Beginning with the line that holds "The Power of" in the data below, give again every line through the one that holds "這是一張拼版照片,上圖為:2", exactly as written.

TASK INPUTS:
━━━━

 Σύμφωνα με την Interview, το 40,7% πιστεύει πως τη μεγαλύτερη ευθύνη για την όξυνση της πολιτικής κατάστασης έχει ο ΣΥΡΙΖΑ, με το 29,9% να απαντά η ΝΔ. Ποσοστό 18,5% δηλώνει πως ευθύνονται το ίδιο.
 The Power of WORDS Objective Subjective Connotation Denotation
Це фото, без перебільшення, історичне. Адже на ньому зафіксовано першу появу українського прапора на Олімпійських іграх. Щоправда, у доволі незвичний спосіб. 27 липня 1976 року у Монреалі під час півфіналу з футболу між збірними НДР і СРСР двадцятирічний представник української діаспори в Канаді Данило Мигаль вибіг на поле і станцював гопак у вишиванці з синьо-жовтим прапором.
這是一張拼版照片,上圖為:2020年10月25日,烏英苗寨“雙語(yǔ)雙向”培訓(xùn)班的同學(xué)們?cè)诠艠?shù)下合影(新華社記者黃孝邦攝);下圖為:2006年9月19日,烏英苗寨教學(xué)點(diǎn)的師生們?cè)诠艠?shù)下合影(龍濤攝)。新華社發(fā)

━━━━

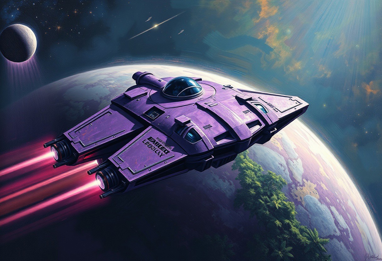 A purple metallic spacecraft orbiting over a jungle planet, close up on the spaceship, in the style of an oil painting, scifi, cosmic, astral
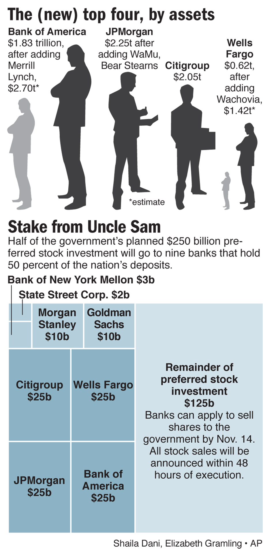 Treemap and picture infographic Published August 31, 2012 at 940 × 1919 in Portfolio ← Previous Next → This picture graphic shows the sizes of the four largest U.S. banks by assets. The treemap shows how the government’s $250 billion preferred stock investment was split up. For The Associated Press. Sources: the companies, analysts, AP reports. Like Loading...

━━━━

OUTPUT OF THE TASK:
 The Power of WORDS Objective Subjective Connotation Denotation
Це фото, без перебільшення, історичне. Адже на ньому зафіксовано першу появу українського прапора на Олімпійських іграх. Щоправда, у доволі незвичний спосіб. 27 липня 1976 року у Монреалі під час півфіналу з футболу між збірними НДР і СРСР двадцятирічний представник української діаспори в Канаді Данило Мигаль вибіг на поле і станцював гопак у вишиванці з синьо-жовтим прапором.
這是一張拼版照片,上圖為:2020年10月25日,烏英苗寨“雙語(yǔ)雙向”培訓(xùn)班的同學(xué)們?cè)诠艠?shù)下合影(新華社記者黃孝邦攝);下圖為:2006年9月19日,烏英苗寨教學(xué)點(diǎn)的師生們?cè)诠艠?shù)下合影(龍濤攝)。新華社發(fā)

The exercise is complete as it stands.